Kedileri yol tutar. Araba hareket etmeye görsün,
hemen mızıldanmaya başlar, ne yapacaklarını şaşırırlar. Önceleri bu
hallerini biraz yol gidince neye odaklanacağını bilemeyip midesi
bulanmaya başlayan hiperaktif...
Kedileri yol tutar. Araba hareket etmeye görsün,
hemen mızıldanmaya başlar, ne yapacaklarını şaşırırlar. Önceleri bu
hallerini biraz yol gidince neye odaklanacağını bilemeyip midesi
bulanmaya başlayan hiperaktif çocuklara benzetiyordum... Sonra
kedilerin bu huzursuzluğunda adını koyamadığım başka şeyler bulmaya
başladım. Derken Doris Lessing'i okudum ve zihnim açıldı. "Trafiği
bir kedi aracılığıyla görmek, arabaya her binişimizde nelere kulak
tıkadığımız konusunda çok öğretici bir tecrübedir" diyordu Lessing
ve şöyle devam ediyordu: "Dehşetli gürültü patırtıyı; sarsıntı,
gümbürtü, gıcırtıyı fark etmiyoruz. Fark etseydik, kediler gibi biz
de aklımızı kaçırırdık." Bana sorarsanız, bir nokta daha var:
Kediler bize "bu kadar harekete ne gerek var, daha oturduğumuz
yerin değerini bilemedik" de diyorlar. *** Eski bir yazımda
karşılaştım. Cunda kıyısında oturup teknelerin isimlerini tek tek
saymışım. Eski zaman. On yıl kadar öncesi: Adalı, Macera, Ayışığı,
Karakartal, Sarıgül, Sevil, vd. Öylece saatler boyu oturur, bakar,
bakar, bakardım... Şimdi nerelere bakıyorum acaba? Cevap malum.

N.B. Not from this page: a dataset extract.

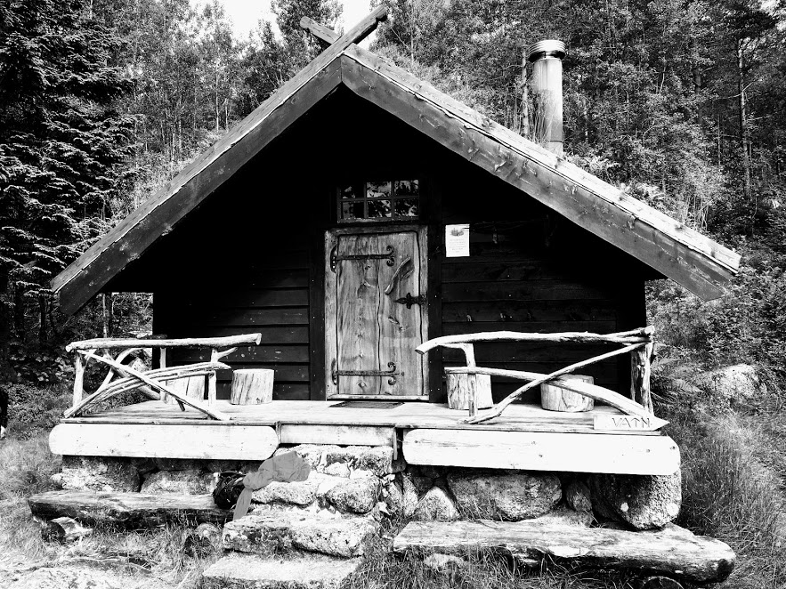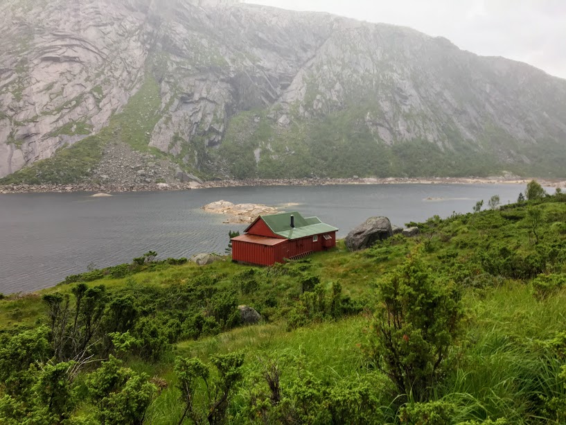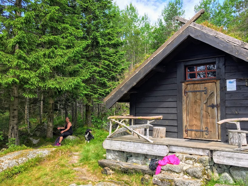 Vi kom ned til hytta, våte som kråker frå topp til tå, og kunne skriva oss inn i turbok nr. 3 så langt på turen.

Belki tatsız ama kaçınılmaz olanın ta kendisi. Sosyal medyaya
bakıyorum. Ona "bakmak" denirse... *** Gündüzler gevezedir. Fakat
anlattıklarını anlamak için geceye muhtacız. *** Belki fark
etmişsinizdir, İstanbul'da humus modası patlak verdi. Bu gelişmeye
damak tadında "yeni oryantalizm" denebilir mi, bilmem. Benim
tercihim Kuzguncuk'taki mola noktam Pulat Çiftliği'nin menüsündeki
kıymalı humus. Tabii üzerine bol limon sıkarak... *** Trabzon
(cennet) hurmasını manav tezgâhında görünce "çürük domatese
benziyor" diyenler var, biliyorum ama dalında pek güzel. Geçenlerde
Yalova'daki Limak Termal'in bahçesinde karşıma çıktılar. Otelin
bahçesindeki her ağacın altına küçük bir tabelada adını ve türünü
yazmış olmasını da alkışlıyorum. Ortam nasıl mı? Bir ara kendimi
geçen yüzyılın hemen başlarında Karlovy Vary kaplıcalarında
dinlenmeye çekilmiş Osmanlı muharriri gibi hissettim. ***
Pencere... Alçakgönüllü, sevimli, üst seviyede nitelikli ironiyi
haiz bir piyes. Oyun Atölyesi'nde sahneleniyor.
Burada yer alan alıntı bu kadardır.